FDIC Establishes Office of Supervisory Appeals

On January 22, the Board of Directors of the Federal Deposit Insurance Corporation approved amendments to the agency's Guidelines for Appeals of Material Supervisory Determinations. The guidelines provide the process by which insured depository institutions may appeal material supervisory determinations made by the FDIC. Under the new guidelines, the FDIC is replacing the existing Supervision Appeals Review Committee with the Office of Supervisory Appeals, an independent, standalone office within the FDIC.

The Office of Supervisory Appeals will be the final level of review of material supervisory determinations, independent of the divisions that make supervisory determinations. The office will be staffed by reviewing officials who are hired externally and may include former government officials, former bankers, and other former industry professionals. Each panel will include at least one reviewing official with bank supervisory experience and at least one reviewing official with industry experience. The FDIC will notify institutions once the office is operational.

Amicus Brief(ly): The proof will be in the pudding, as they say, but creating an independent appeals team that does not include examination staff charged with making supervisory determinations in the first place is sensible and promising. It is not clear that the existing Supervisory Appeals Review Committee, just a few years old, was doing a bad job. Rather, the FDIC apparently wanted to clear up some confusion about what findings were appealable, restate the purpose of the appeals team, establish clear rules about the constitution of any team reviewing an appeal, and provide details about the appeals process. Having received only eight comments on its proposal, the FDIC effectively adopted the guidance as proposed.

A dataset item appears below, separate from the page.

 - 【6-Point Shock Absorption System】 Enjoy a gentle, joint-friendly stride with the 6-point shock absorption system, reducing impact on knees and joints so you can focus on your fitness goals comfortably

FDIC Approves Industrial Bank Applications Submitted By Ford Motor Company and General Motors Company

On January 22, the Board of Directors of the Federal Deposit Insurance Corporation approved deposit insurance applications submitted by Ford Motor Company to establish Ford Credit Bank and General Motors Company to establish GM Financial Bank. Both banks will be Utah-chartered industrial banks.

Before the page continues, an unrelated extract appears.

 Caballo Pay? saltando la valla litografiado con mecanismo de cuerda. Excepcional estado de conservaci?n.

The FDIC's news release states that the banks' proposed business models will focus on providing automotive financing products nationwide, primarily through the purchase of retail installment sales contracts from independent dealers.

An American Financial Services Association's blog post announcing this development states that, "[f]or vehicle finance companies, industrial bank charters offer a stable, federally regulated framework that enhances their ability to serve customers efficiently while maintaining strong capital and consumer protection standards. The charter enables captive finance companies to operate with greater certainty, invest in technology and service improvements, and better manage funding costs - benefits that ultimately flow to consumers in the form of better pricing and expanded credit availability."

Amicus Brief(ly): With their new bank charters, these two companies have largely, if not entirely, unburdened themselves of state sales finance company licenses and the examinations and regulatory burdens that go with them. They trade that more cumbersome licensing environment for a different, but more centralized, regulatory environment as banks subject to regulation by the FDIC and Utah's Department of Financial Institutions (which has been overseeing another 17 industrial banks). It appears from the announcement that the main focus of these "captive" banks is to continue the finance company model of buying motor vehicle retail installment sale contracts, but they will both also add deposit-taking capacity for their customers, employees and retirees, and the general public through their websites and mobile applications. The companies are on a 12-month clock to stand these new industrial banks up.


1 For the unfamiliar, an “Amicus Brief” is a legal brief submitted by an amicus curiae (friend of the court) in a case where the person or organization (the “friend”) submitting the brief is not a party to the case, but is allowed by the court to file the brief to share information or expertise that bears on the issues in the case.